In the course of last few years of dedicated practice in Pediatric Urology and Hypospadiology, We realized that anxious parents have a lot of questions and they forget to ask many of them when they are consulting us in the clinic. Here I have put down some of these question/ answers and I hope it helps the parents in participating better in the care of their little ones.All in all it's a team effort.

New molecular research, better understanding, long term follow-up data and better surgical techniques have allowed us to offer a more comprehensive approach including counseling, planned surgical correction and appropriate gender assignment in these babies.

There are many types of operations designed to repair hypospadias. Essentially the operations we use, try to bring the hole up to the correct position on the 'head' of the penis (glans), make sure that the penis is straight and repair or remove the foreskin all in one operation. Most of the hypospadias repair operations can be done as day care procedures (in and out of hospital the same day). Sometimes the child may need to stay in hospital overnight and have a tube (stent) draining the urine for a few days. Our doctor will explain the type of surgery planned for your child.

The surgeon may decide to leave a tube (stent) into the bladder to drain the urine. This is left in place for 5 to 14 days depending on the type of the operation, and usually simply drains urine into the nappy. A bag can be attached for older children who no longer use nappies. If a stent is used for more than 2 days, antibiotics are prescribed to prevent an infection in the urine.

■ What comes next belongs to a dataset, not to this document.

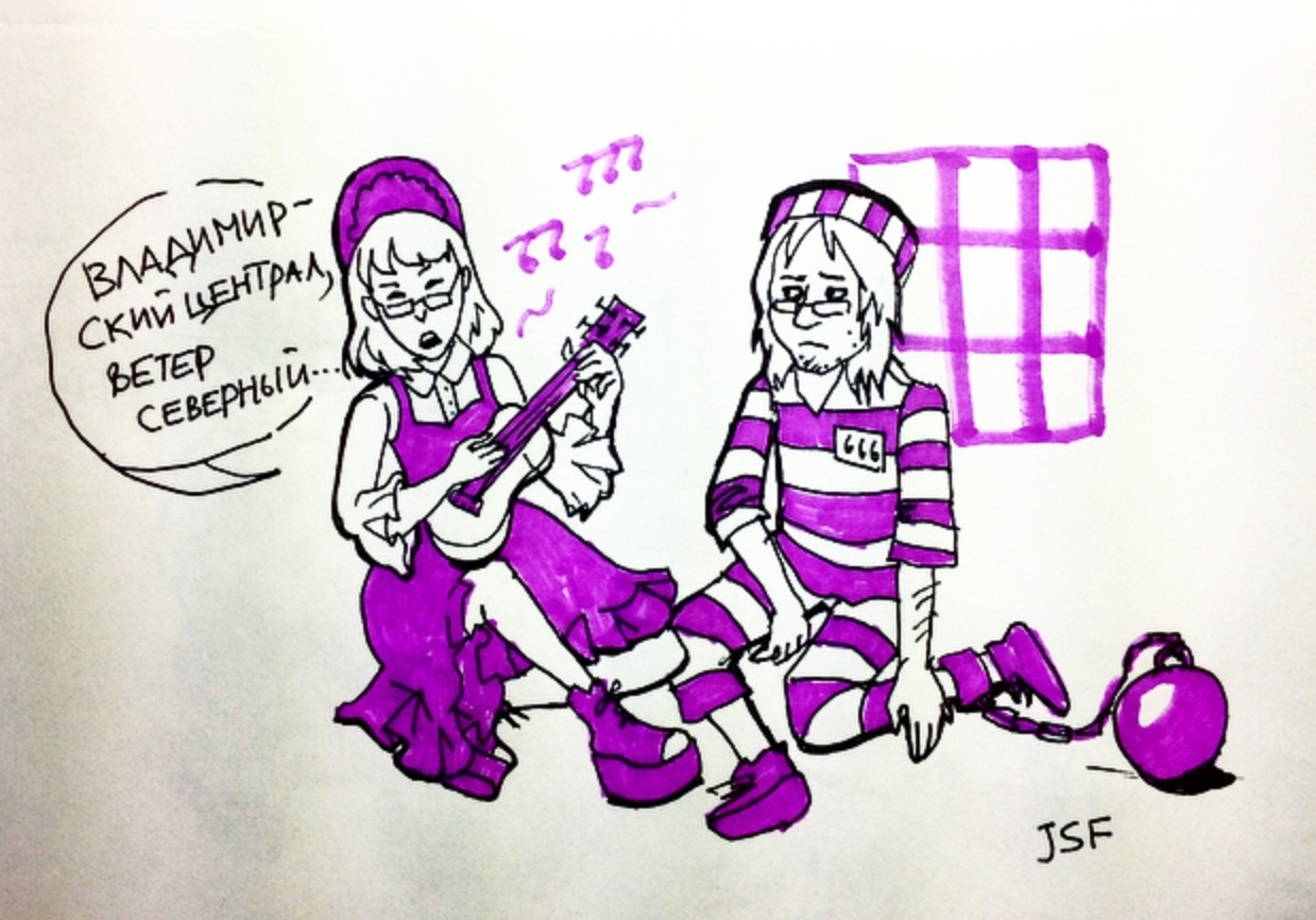 >>33369 Вот вижу такой себе коллажик в духе Батеньки.ру: Рика в тюремной робе с мрачным видом наябывает баланду и рядом - Кариша в своем Sweetie Violet, играющая на укулеле, и чот вот прет

The catheter is used to prevent urine running over the internal stitches, so that in the first 24 hours there is not so much stinging. When it is removed, the child may still find passing urine slightly painful but this gets better in 24 hours. For bigger operations, a catheter is used to keep urine from bursting through the stitches for a longer period to help healing. This catheter may irritate the bladder causing spasms in about 10% of cases. The baby cries out about every 30 minutes. If this happens it is easily treated by giving a medicine to stop the spasm.

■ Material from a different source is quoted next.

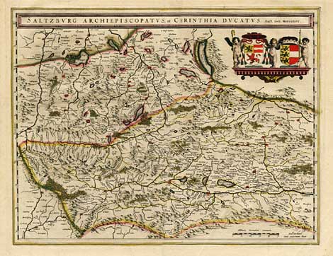 "Saltzburg Archiepiscopatus et Carinthia Ducatus"Karte mit dem Erzbistum Salzburg und dem Herzogtum Kärnten. Altkol. Kst., Amsterdam ca. 1630,38,5 x 50 cm.

Babies are usually allowed feeds within 3-4 hours after surgery, once they are fully awake and asking for feeds. Initially water and juices are started. If there is no vomiting, gradually milk and solids are introduced. Generally, babies are on their usual diet the morning after surgery. Diaper care is taught to the parents by the doctors and the nurses. Medications (syrups) are explained well and the discharge back home happens by evening or morning after.

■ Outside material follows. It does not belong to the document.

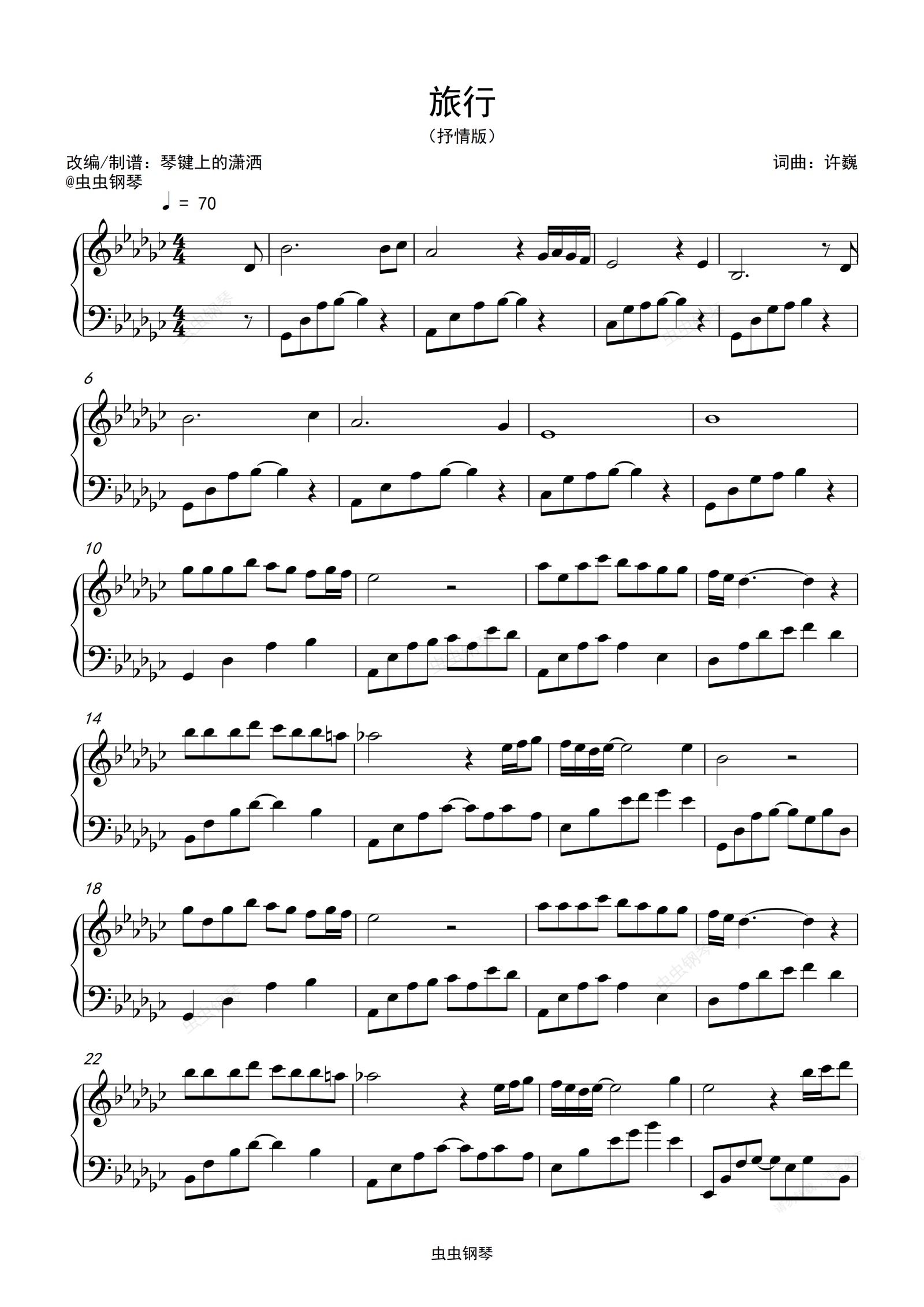 钢琴谱:《旅行》(抒情版)-许巍-完美降G调独奏

First follow-up visit is generally arranged within 5-7 days after surgery, for removal of dressing. After removal of dressing, an antibacterial ointment is applied 4-5 times a day and at each diaper change. Depending on the type of surgery done, a second visit is arranged at 10-14 days for removal of catheter. A further checkup is done after 3-4 weeks, 3 months and at one year.

  • Pain: Most of the time the babies are slightly cranky but manageable. They feel better at home, that is why we try to send them home as soon as possible. It is also easier for the parents to manage them at home. Further an analgesic (pain-killer) syrup is prescribed to help in pain relief.
  • Spasms: Babies may have intermittent spasms due to irritation by the catheter. For this reason a small dose of bladder relaxant is usually prescribed. The dose may need to be adjusted if cramps still happen.
  • Blood spotting in the diaper/ catheter may occur in the first few days. A few drops of the blood are acceptable. In case of continuing ooze, a hospital visit may be required, but this is very infrequent.
  • Dressing issues: Dressing loosening up may occur in some babies. If it happens during first 2-3 days, then a new dressing is placed. After that, the dressing is just removed.
  • Infection may happen and is the most common cause of the failure of surgery. To prevent this, broad spectrum antibiotic syrup is usually prescribed for 7-10 days. It is vital to prevent stool smearing up the dressing in immediate post-operative period.
  • Fistula: Fistula is a small area of breakdown in the operated area, leading to sideways leakage of urine. Small, off centre fistulas may heal in due course of time, if the tip of the new urethra is not tight. Others may require repair 6-9 months later. The rate of fistula in experienced hands, in penile hypospadias is typically 5%.
  • Stenosis/ Stricture: During healing period, the new urinary tube may become tight. Mostly this happens at the tip of penis and can be easily managed by daily calibration at home with a small feeding tube. Sometimes, if the repair becomes too tight, then a second surgery may be required.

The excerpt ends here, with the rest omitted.